Le 4 février 08, avant les élections municipales, sarkozy déclarait à Gandrange "soit nous arrivons à convaincre Lakshmi Mittal, le patron d'ArcelorMittal, et nous investirons avec lui, soit nous trouvons un repreneur, et nous investirons avec lui". Or, il est aisé de constater qu’aucune alternative ne s’est fait jour. Comme dit le constitutionnaliste Guy Carcassonne
" Moins le chef de l'Etat a du pouvoir, plus il s'agite. Son activisme est là pour compenser le fait qu'il est beaucoup moins puissant que ne l'était en son temps, par exemple, Georges Pompidou "

Le soir de son élection sarkozy avait promis d'être le "président de la France des droits de l'homme au côté des opprimés ", et peu de temps après il recevait en grande pompe le colonel Kadhafi et… récidive 

Quelle rhétorique ! Avec sarkozy c’est le Verbe, solennisé, ritualisé. Paroles et paroles, paroles et paroles, c’est du bla-bla. Nous savons tous qu’il n’écrit pas ses discours.

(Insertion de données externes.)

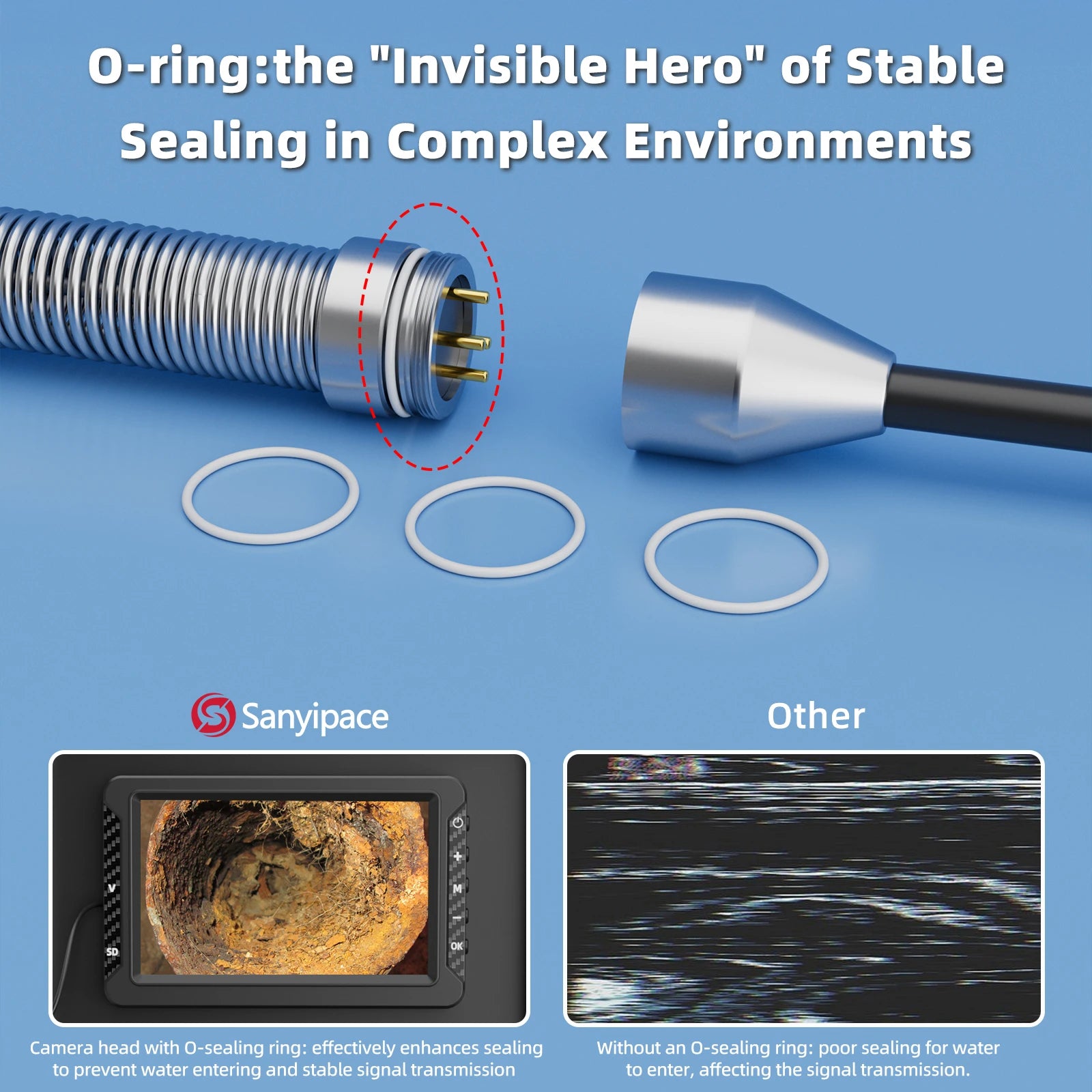 With an O-ring in the plumbing camera head, be waterproof without worry! Although the O-ring is inconspicuous, it is the core of the plumbing camera's sealing performance. The sewer camera head O-ring is made of high-strength rubber material, it has excellent heat resistance, pressure resistance, and corrosion resistance, and is not prone to aging after long-term use. In complex and humid pipeline environments, it can continuously provide reliable protection to ensure the stable operation of the equipment. The plumbing camera head O-ring is a key component for waterproofing and dustproofing! Installed at the joint between the sewer coil and the camera head, it can firmly prevent water and dust from entering the camera head interior and is the "gatekeeper" to ensure the normal operation of the plumbing camera head. Tips: Please pay attention to wearing an O-ring when using.

Sarkozy est un diseur de pompeuses syntaxes dont je ne serais pas étonné que le sens puisse lui échapper. Par contre, il révèle sa personnalité dès lors qu’il manque de self-control : "Avec Carla, c’est du sérieux !" (Gandrange) "Descends un peu si t’es un homme" (pécheur du Guilvinec), "Casse-toi, pauvre con !" (Salon de l’agriculture)

Sarkozy travestit les faits à son avantage. C'est de la transparence tripler ses indemnités présidentielles alors qu'il percevait encore celui de ministre de l’intérieur depuis plus de 6 mois, c'est de la transparence quand on utilise les médias pour mettre en avant sa nouvelle compagne, que l'on épouse trois mois après avoir quitté celle qu'on aimait tant, sans qui on ne pouvait pas vivre.
 

L’annus horribilis de sarkozy perdure. Le mercredi 7 mai 2008 devant les députés UMP il se targue "chirac a mis 21 ans à se faire élire. Moi, je l'ai été du premier coup […] (et au sujet du général de Gaulle) il n'a eu qu'une voix de majorité en 1967 " Non seulement comme le dit si justement Catherine Vautrin "on ne va pas se raconter le film des élections pendant 15 ans! Ce qui importe, c'est ce qu'on fait maintenant! " mais il peut lui être rétorqué que De Gaulle avait le souci des deniers publics. Reste qu’en janvier sarkozy avouait (après 15 milliards de cadeaux fiscaux aux plus riches) que les caisses " sont déjà vides ". Sarkozy est un président de destruction massive. 

Même José Manuel
Barroso , Président de la commission Européenne, est inquiet : " J’espère avoir affaire à une présidence française plutôt qu’à la présidence d’un homme qui s’appelle Nicolas Sarkozy " 

Et la
Désinformation institutionnalisée ? " Par quel miracle l’argent de la fédération de la métallurgie a-t-il pu aboutir également à l’Institut d’études de la Désinformation (IED) ? Cette petite structure, presque une officine, avait été fondée par Vladimir Volkoff , un écrivain d’origine russe, et Daniel Trinquet, alors journaliste à Radio France. L’objet, légèrement parano sur les bords, consistait à déjouer les complots que les intellos et les médias, forcément gauchistes, instillent dans la société. Mais officiellement, il ne s’agissait que de "mettre en lumière des cas de désinformation dans la presse écrite et audiovisuelle ". Pour cela, l’équipe diffusait une lettre confidentielle et patronnait des " Assises de la désinformation ", dont la première fournée eut lieu à Nice en 1989 […] Un financement qui se serait interrompu avec le changement de direction au GIM, il y a quelques années, quand Pierre Chasseguet, un haut cadre de Dassault, a pris les rênes de la direction générale. " Le conditionnel s’impose ! On peut douter que le pouvoir actuel se contente de l'appui de médias complaisants (sarkozy se plaignant des médias est une mascarade) et de soutiens financiers. 

Pour résister à la Berluskozy, il faut, comme le dit Grand Corps Malade, un mental de résistant.